Somos buscadores de felicidad y pretendemos encontrarla, bien mirando hacia atrás, sin nostalgia y con el pensamiento puesto en una sociedad sin tanta tecnología, más conformista y menos agresiva; bien soñando en un futuro de adelantos que nos prometa la inmortalidad en un mundo desleal y competitivo.
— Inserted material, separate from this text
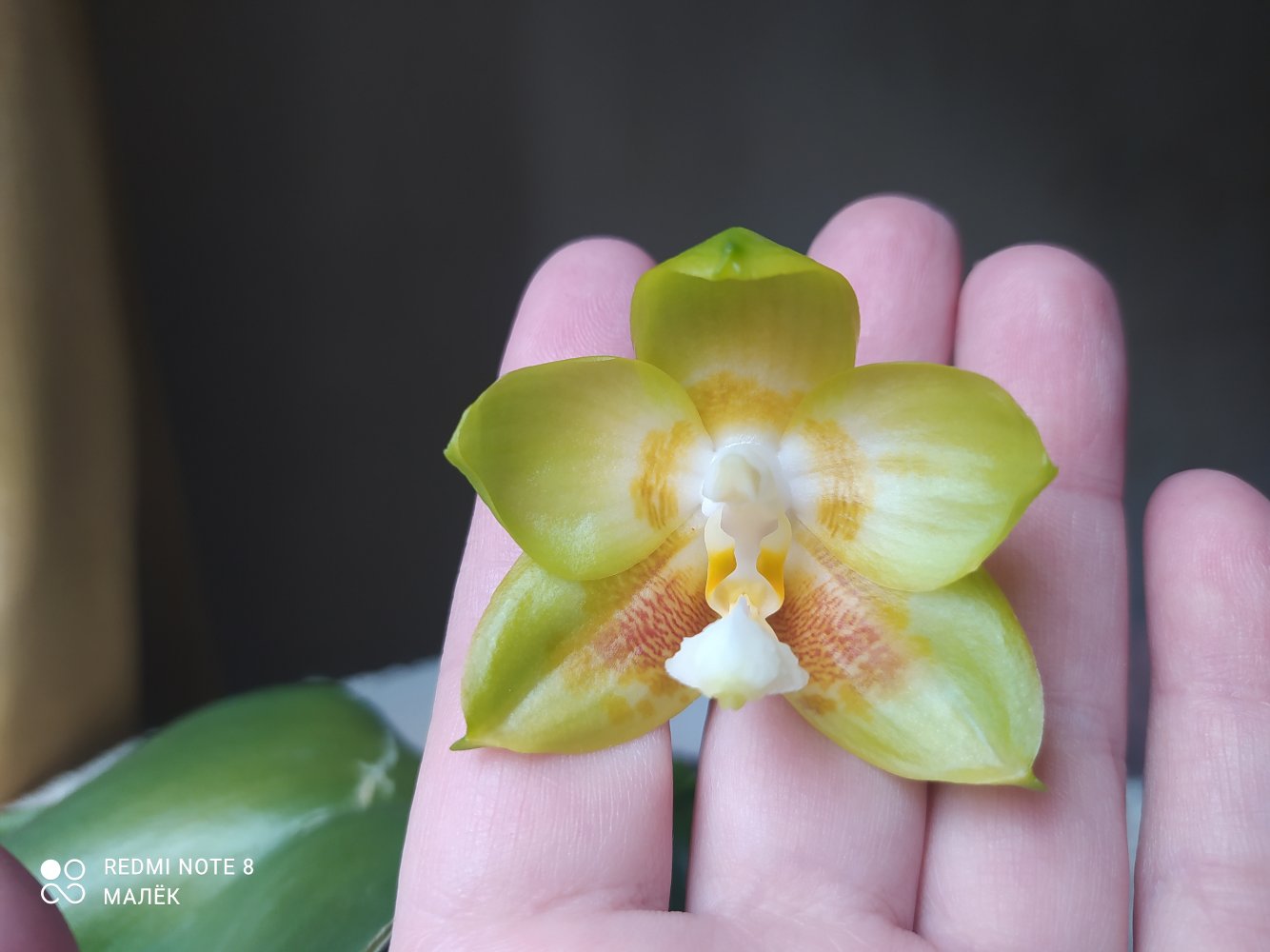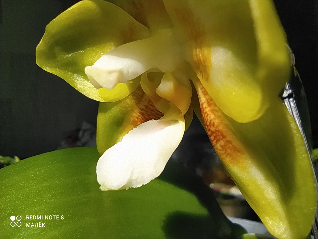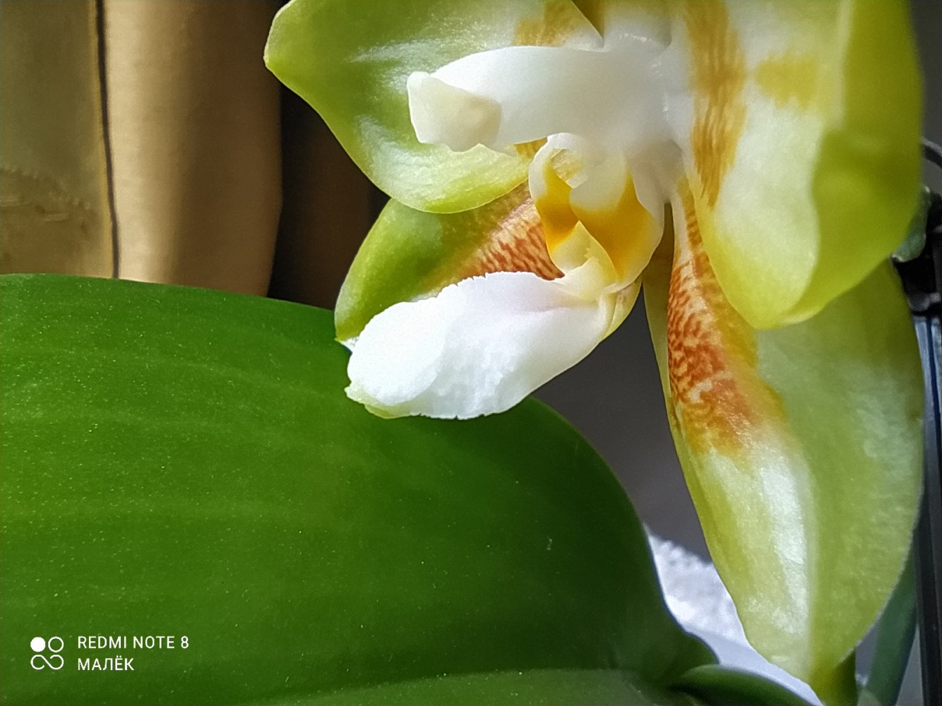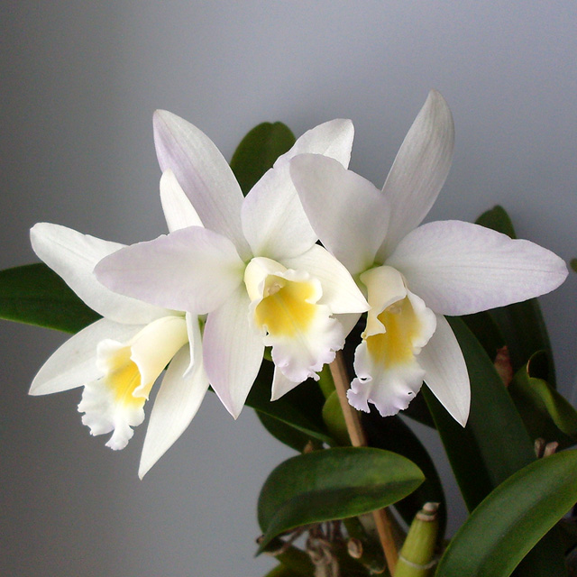 Cattleya hybrid. Когда бутоны только раскрываются, лепестки имеют цвет мякоти зелёного яблока, спустя время они становятся искрящимися белыми, а иногда с пурпурным румянцем. Яркое желтое пятно внутри губы, обрамленное рюшами, так и манит сунуть в него нос. Тогда любопытство будет вознаграждено тонким ароматом с анисовыми нотами.

Anhelamos ‘la gran evasión’ para conseguir una libertad imposible, porque el modelo no es el que nos proyectan, ni las ‘alambradas’ son un obstáculo insalvable a pesar de los mensajes de los amenazantes vigilantes y mercenarios al servicio de los dueños del mundo. El progreso no cesa de crear necesidades que a veces son una escandalosa denuncia pues ofende a una gran parte del género humano que sueña con un pozo de agua cercano a su refugio. Unas necesidades que nos llevan por senderos ilícitos e inmorales, apoyados en circunstancias abusivas que han propiciado un sistema corrupto e insaciable que se dice justo y solidario, y para colmo presume de tal. Necesidad y vacío conviven, a la espera de satisfacer y volver al ciclo «más producción para más consumo; más consumo para más producción», como dice el pensador Manuel Villegas López.

Presumimos de un progreso desmesurado, con palabras acicaladas que procuran ocultar la tramoya, la otra realidad de nuestra existencia, y que en la discrepancia, dicen jactanciosas: «¿Dónde vives? Esto es una carrera». No nos debe extrañar, por tanto, el desencanto que sufrimos, el nerviosismo que se apodera de nosotros ante el cambio que se avecina -por otra parte, necesario-, la debilidad que percibimos en lo que creíamos fortaleza, el saber que en unos segundos una granizada inesperada puede acabar con la cosecha del siglo enviándonos a la cola, completamente desnudos, en busca de la ración del día.

Leemos en el Tao Te King que «la peor de las faltas es querer siempre adquirir aún más. Los que saben decir ‘ya es bastante’ están siempre contentos». Cuando se arruina la grandeza es que no lo era. A los apogeos sigue la decadencia, es ley de vida; como que los malos gobiernos quiten a los que tienen poco para dárselo a los que tienen mucho, según nos recuerda el pensamiento oriental. Tal vez lo que escasea es la necesidad de dar, de dar cada día más, porque el que más da, más tiene, y menos necesita.